Clear port pending interrupts before reset, as per AHCI specifications (Szuying). Followup fixes for this one are to not clear ATA_PFLAG_EH_PENDING in ata_eh_reset() to allow EH to continue on with other actions recorded with error interrupts triggered before EH completes. A~Nd an additional fix to avoid thawing a port twice in EH (Niklas).
Niklas Cassel (2): ata: libata-eh: do not clear ATA_PFLAG_EH_PENDING in ata_eh_reset() ata: libata-eh: do not thaw the port twice in ata_eh_reset()
drivers/ata/libata-eh.c | 16 +++------------- 1 file changed, 3 insertions(+), 13 deletions(-)
From: Niklas Cassel niklas.cassel@wdc.com
ata_scsi_port_error_handler() starts off by clearing ATA_PFLAG_EH_PENDING, before calling ap->ops->error_handler() (without holding the ap->lock).

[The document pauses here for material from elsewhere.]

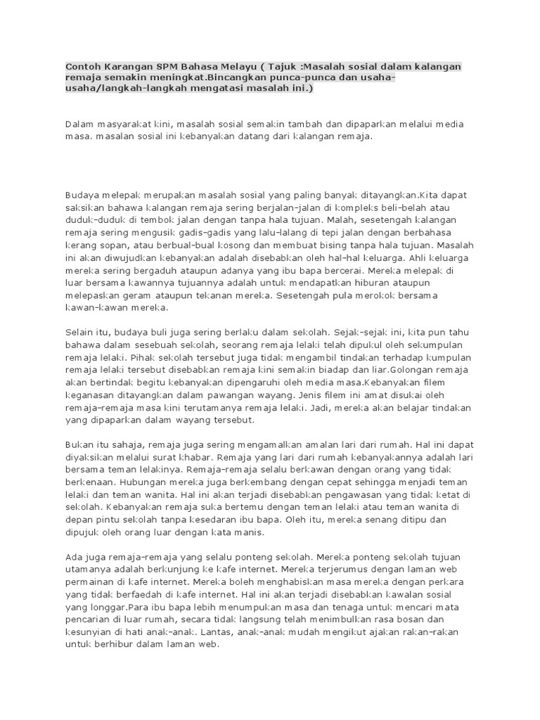 Dalam masyarakat kini masalah sosial semakin tambah dan dipaparkan melalui media masa. Masalah gejala sosial ini telah menjadi perdebatan hangat dalam kalangan pemimpin sehingga menimbulkan kebimbangan tentang masa depan para remaja. Masalah sosial remaja sijil pelajaran malaysia. Karangan bahasa melayu bm spm.
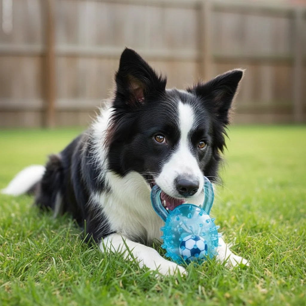 Pet dog toy with Football and Soft Thorn, made of soft rubber, suitable for large, medium and small dogs.

If an error IRQ is received while ap->ops->error_handler() is running, the irq handler will set ATA_PFLAG_EH_PENDING.
Once ap->ops->error_handler() returns, ata_scsi_port_error_handler() checks if ATA_PFLAG_EH_PENDING is set, and if it is, another iteration of ATA EH is performed.
The problem is that ATA_PFLAG_EH_PENDING is not only cleared by ata_scsi_port_error_handler(), it is also cleared by ata_eh_reset().
ata_eh_reset() is called by ap->ops->error_handler(). This additional clearing done by ata_eh_reset() breaks the whole retry logic in ata_scsi_port_error_handler(). Thus, if an error IRQ is received while ap->ops->error_handler() is running, the port will currently remain frozen and will never get re-enabled.
The additional clearing in ata_eh_reset() was introduced in commit 1e641060c4b5 ("libata: clear eh_info on reset completion").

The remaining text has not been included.